Integrating Apache Hive with Apache Spark and BIPDF version

Catalog operations

Short descriptions and the syntax of catalog operations, which include creating, dropping, and describing an Apache Hive database and table from Apache Spark, helps you write HWC API apps.

Three methods of executing catalog operations are supported: .sql (recommended), .execute() ( spark.datasource.hive.warehouse.read.jdbc.mode = client), or .executeQuery() for backward compatibility in LLAP mode.

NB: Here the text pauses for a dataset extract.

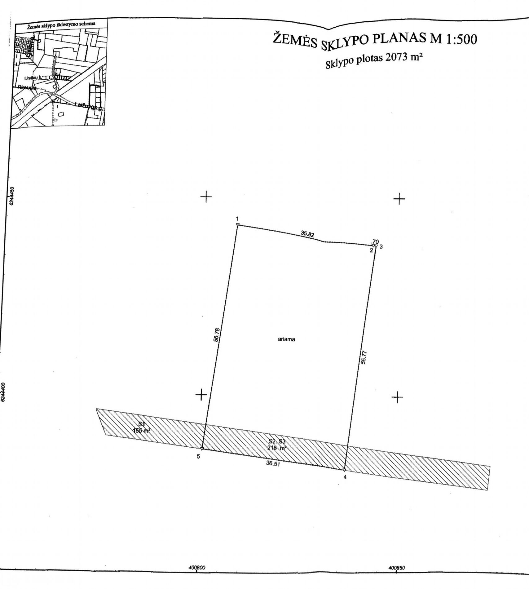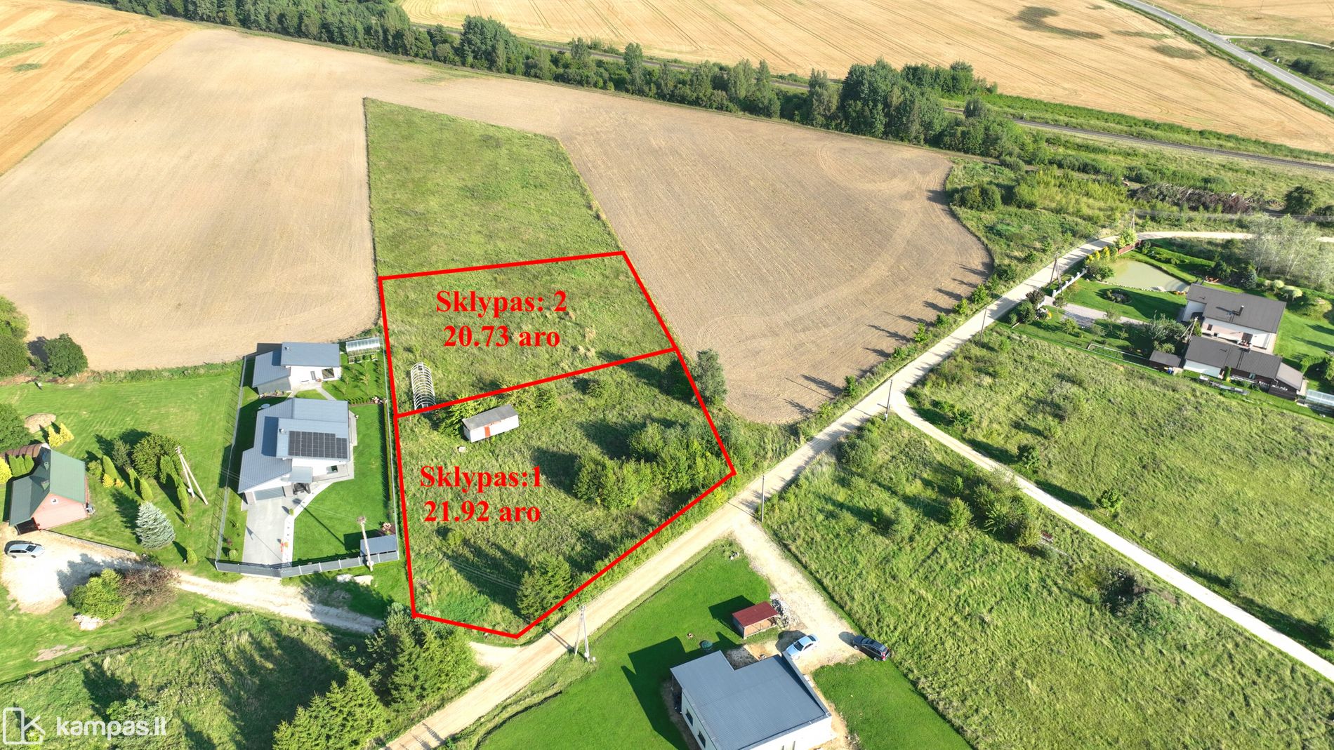 - Sklypų plotai: 20.73 aro ir 21.92 aro;

  • Set the current database for unqualified Hive table references

    hive.setDatabase(<database>)

  • Execute a catalog operation and return a DataFrame

    hive.execute("describe extended web_sales").show()

  • Show databases

    hive.showDatabases().show(100)

  • Show tables for the current database

    hive.showTables().show(100)

  • Describe a table

    hive.describeTable(<table_name>).show(100)

  • Create a database

    hive.createDatabase(<database_name>,<ifNotExists>)

  • Create an ORC table

    hive.createTable("web_sales").ifNotExists().column("sold_time_sk", "bigint").column("ws_ship_date_sk", "bigint").create()

    See the CreateTableBuilder interface section below for additional table creation options. You can also create Hive tables using hive.executeUpdate.

  • Drop a database

    hive.dropDatabase(<databaseName>, <ifExists>, <useCascade>)

  • Drop a table

    hive.dropTable(<tableName>, <ifExists>, <usePurge>)